In reply to No. 10 -
1) form vs. word form
For the sake of clarity, it is desirable to maintain a distinction between "form" (as opposed to meaning or function) and "word form" (as opposed to lemma);
2) lemmatizarion, POS tagging and parsing
These are three types of corpus annotation, there are of course many other types. While POS tagging and parsing are closely associated, lemmatisation is clearly a distinctive annotation type, which means lemmatisation is not rooted in POS tagging or parsing. They are not to be conflated.
3) form, pattern, patterning, "functionally complete unit of meaning"
"Form" is conventionally associated with "function", but it has also been used in relation to "meaning". Hunstun and Partington et al refer to it as pattern or patterning, while sinclair and Tognini-Bonelli et al call it "functionally complete unit of meaning".
4) plain text vs. corpus annotation
There are a number of criticisms of corpus annotation, notablyby so called "corpus-driven linguists". The plain text argument is one of them. Below is a section that deals with these issues.
Corpus annotation = added value
Like corpus markup, annotation adds value to a corpus. Leech (1997a: 2) maintains that corpus annotation is ‘a crucial contribution to the benefit a corpus brings, since it enriches the corpus as a source of linguistic information for future research and development.’ Both Leech (ibid: 4-5) and McEnery (2003: 454-455) suggest that there are at least four advantages for corpus annotation.

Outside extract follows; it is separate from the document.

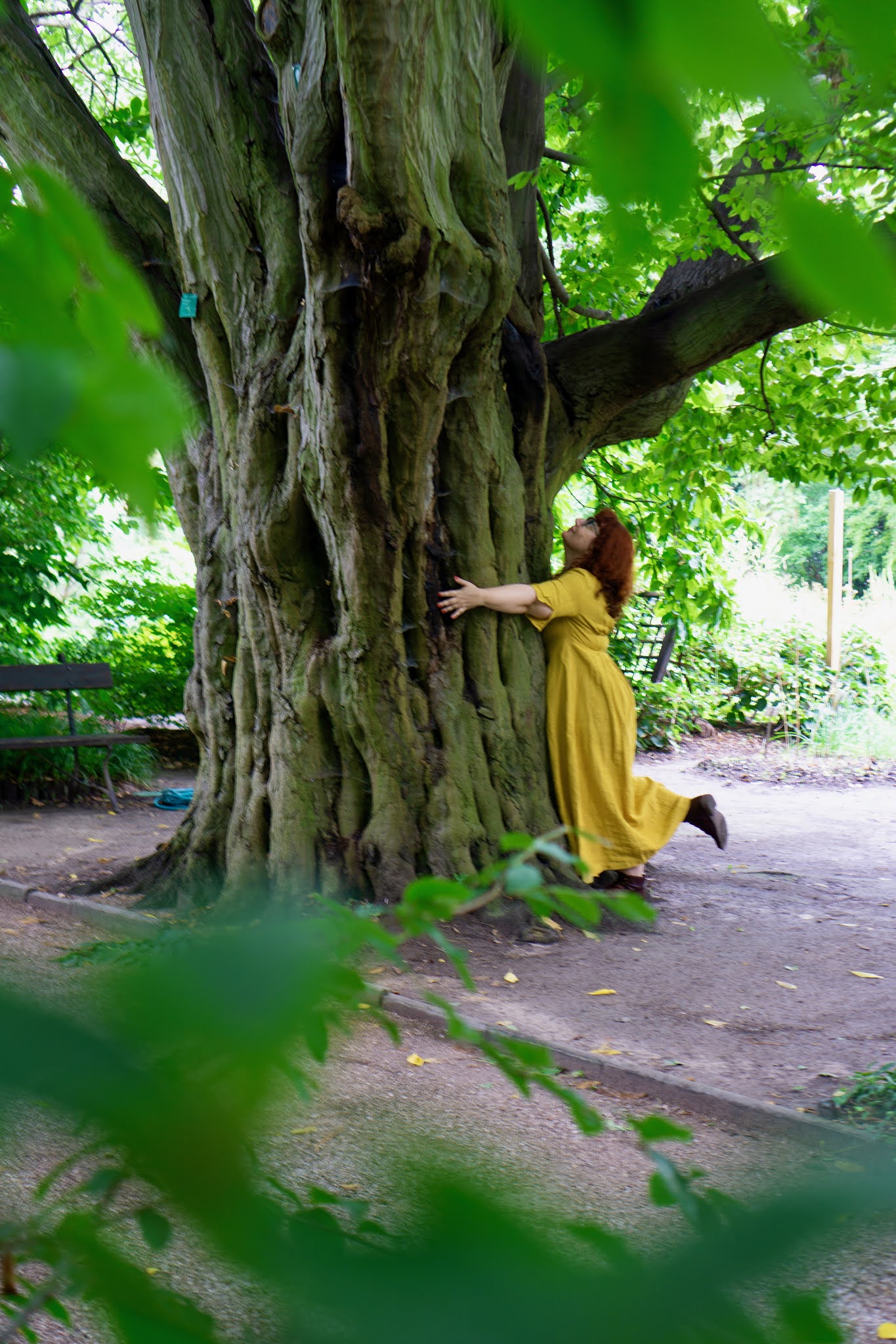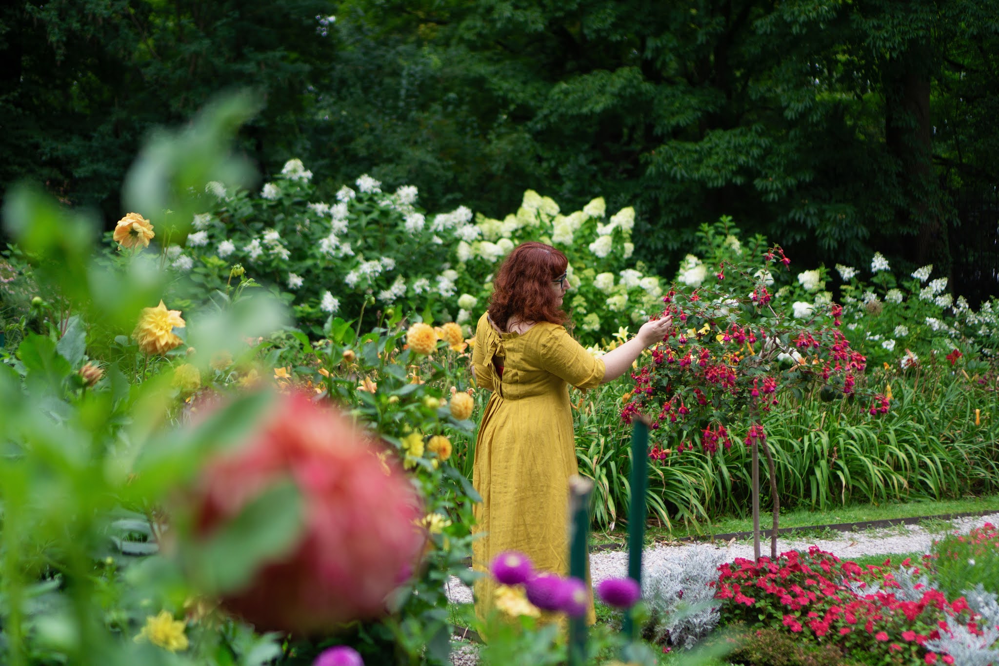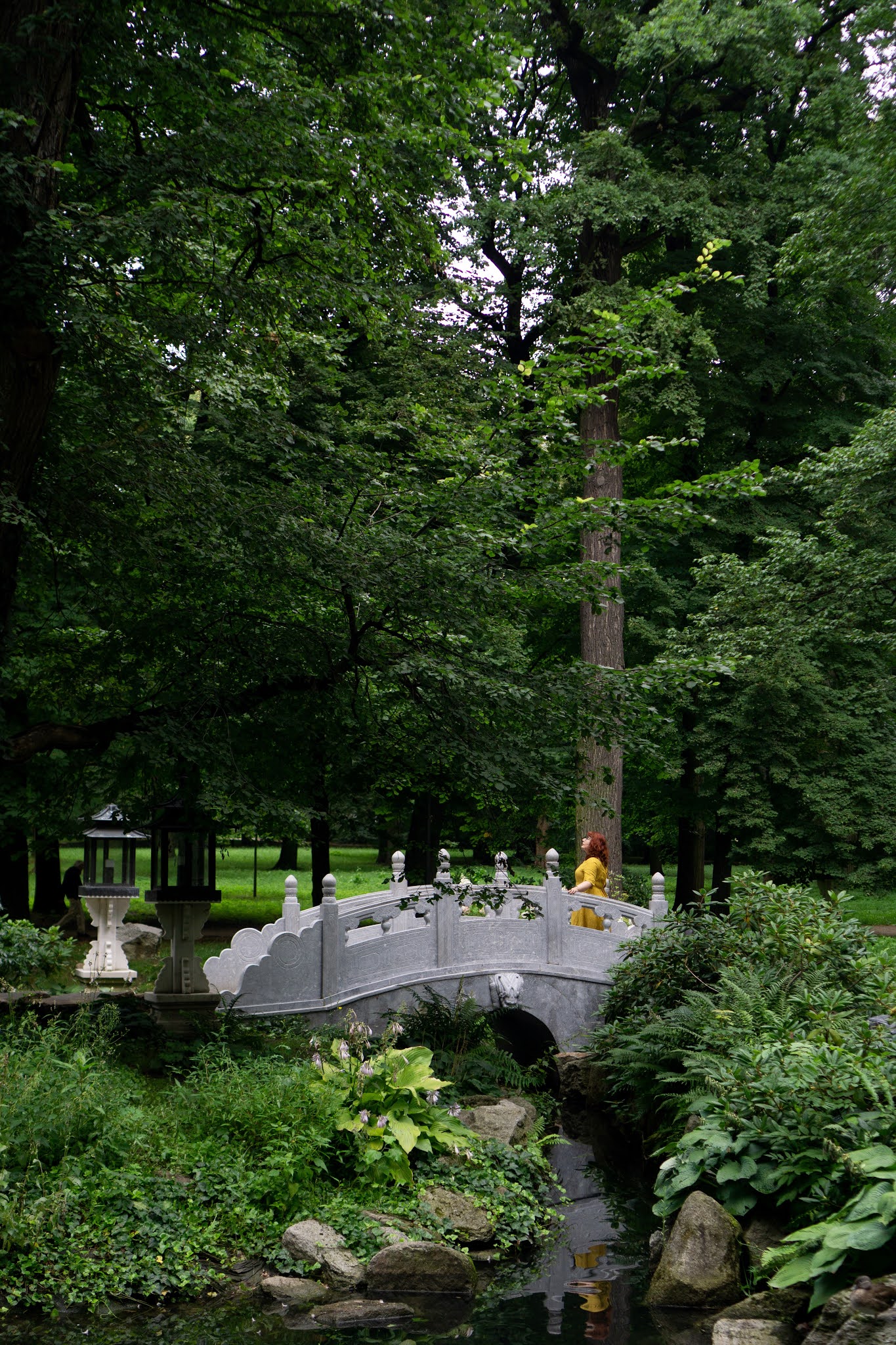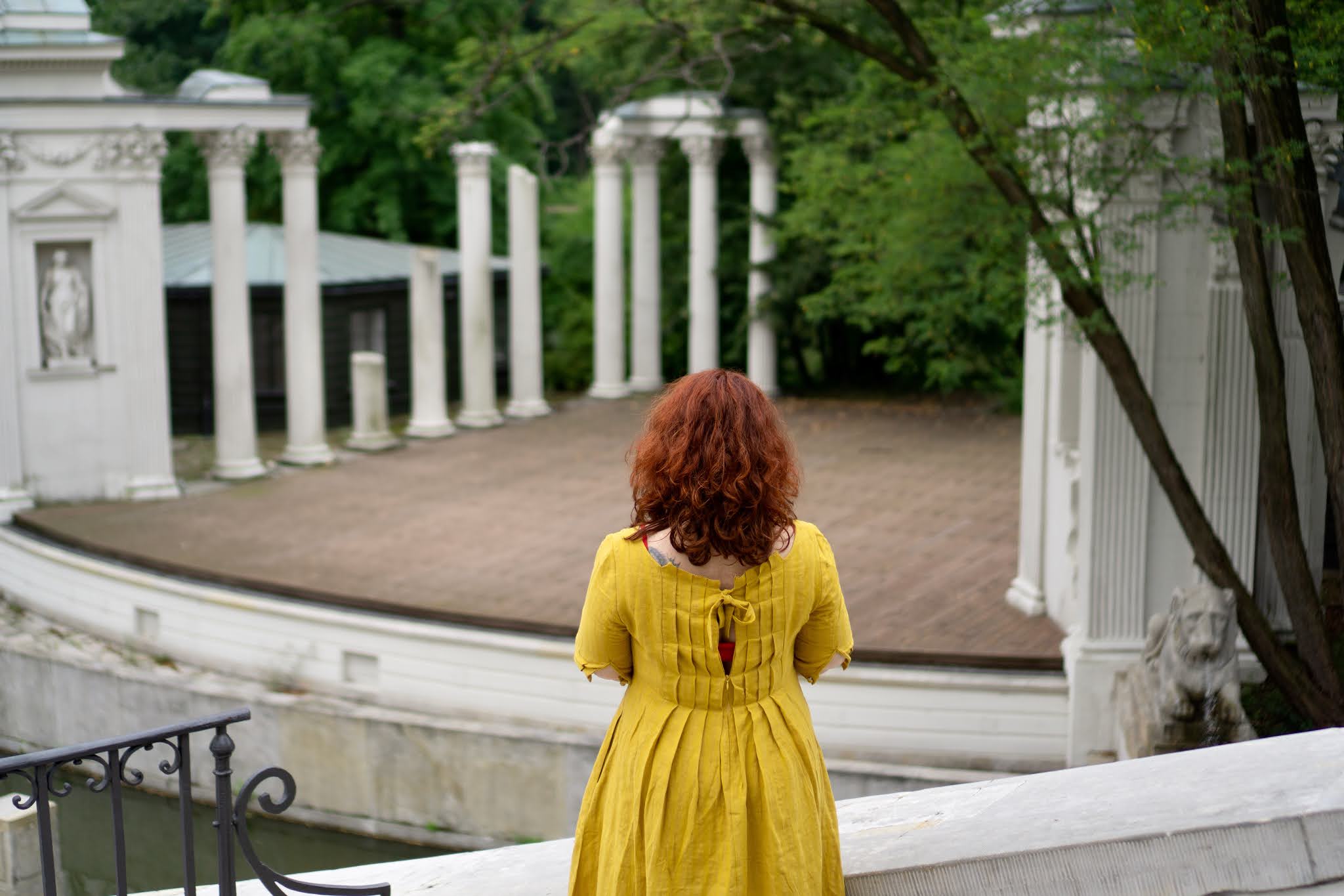 Jeudi matin, pour une fois, nous avons mis notre réveil: il devrait pleuvoir à partir du milieu de la journée (11h selon les organisateurs, 14h selon la police). Nous quittons donc notre studio-hôtel vers 9h et mettons le cap vers le parc Lazienki, alias le plus grand espace vert de Varsovie. C’est un endroit très beau et très calme, idéal pour prendre des photos même par temps couvert. Je déambule dans les allées en agitant la jupe de ma nouvelle robe Linen Naive jaune que j’étrenne pour l’occasion. Les autres visiteurs sont peu nombreux et tout aussi détendus que nous. Sur la terrasse du palais au milieu du lac, une dame aux cheveux en pétard fait du tai chi face à l’eau. Un peu plus loin, deux figurantes en costume historique attendent face à un réflecteur: un tournage est en cours, et un type musclé en T-shirt nous fait signe d’aller jouer plus loin. Nous poursuivons notre exploration par le jardin botanique attenant sans croiser un seul des écureuils ni des paons pour lesquels Lazienki est réputé. En revanche, les deux musaraignes qui m’ont détalé sous le nez, je les ai très bien vues, merci. Je grommelle un peu pour la forme: je suis contente d’avoir pris une dose de flore, mais il me manque ma dose de faune.
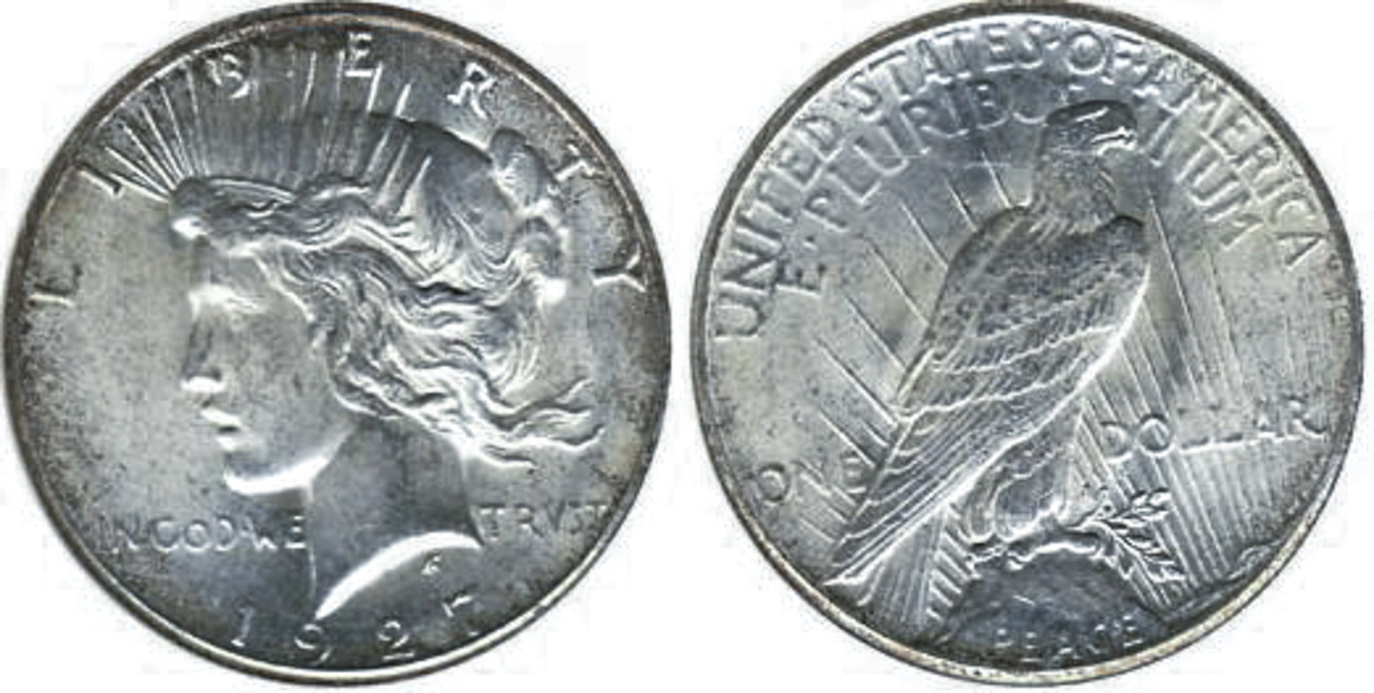 The Peace Silver Dollar was first struck in 1921 to honor world peace, and the last coin was minted in 1935. It's America's last-ever circulating Silver Dollar. The obverse of the coin depicts a finely chiseled portrait of Liberty. The reverse of the coin shows an eagle in repose atop a crag, peering toward the sun through a series of rays, with the word PEACE superimposed on the rock. No other U.S. coin produced for circulation has ever borne that motto. The entire run of Peace dollars consists of just 24 coins. Thus, many collectors strive for complete date-and-mint sets.

Firstly, it is much easier to extract information from annotated corpora in a number of ways. Leech (ibid) observes, for example, that without part-of-speech tagging (see unit 4.4.1), it is difficult to extract left as an adjective from a raw corpus as its various meanings and uses cannot be identified from its orthographic form or context alone. For example, the orthographic form left with a meaning opposite to right can be an adjective, an adverb or a noun. It can also be the past or past participle form of leave. With appropriate part-of-speech annotations these different uses of left can be readily distinguished apart. Corpus annotation also enables human analysts and machines to exploit and retrieve analyses of which they are not themselves capable (McEnery 2003: 454). For example, even if you do not know Chinese, given a suitably annotated Chinese corpus, you are able to find out a great deal about Chinese using that corpus (see case study 6 in Section C). Speed of data extraction is another advantage of annotated corpora. Even if one is capable of undertaking the required linguistic analyses, one is quite unlikely to be able to explore a raw corpus as swiftly and reliably as one can explore an annotated corpus if one has to start by annotating the corpus oneself.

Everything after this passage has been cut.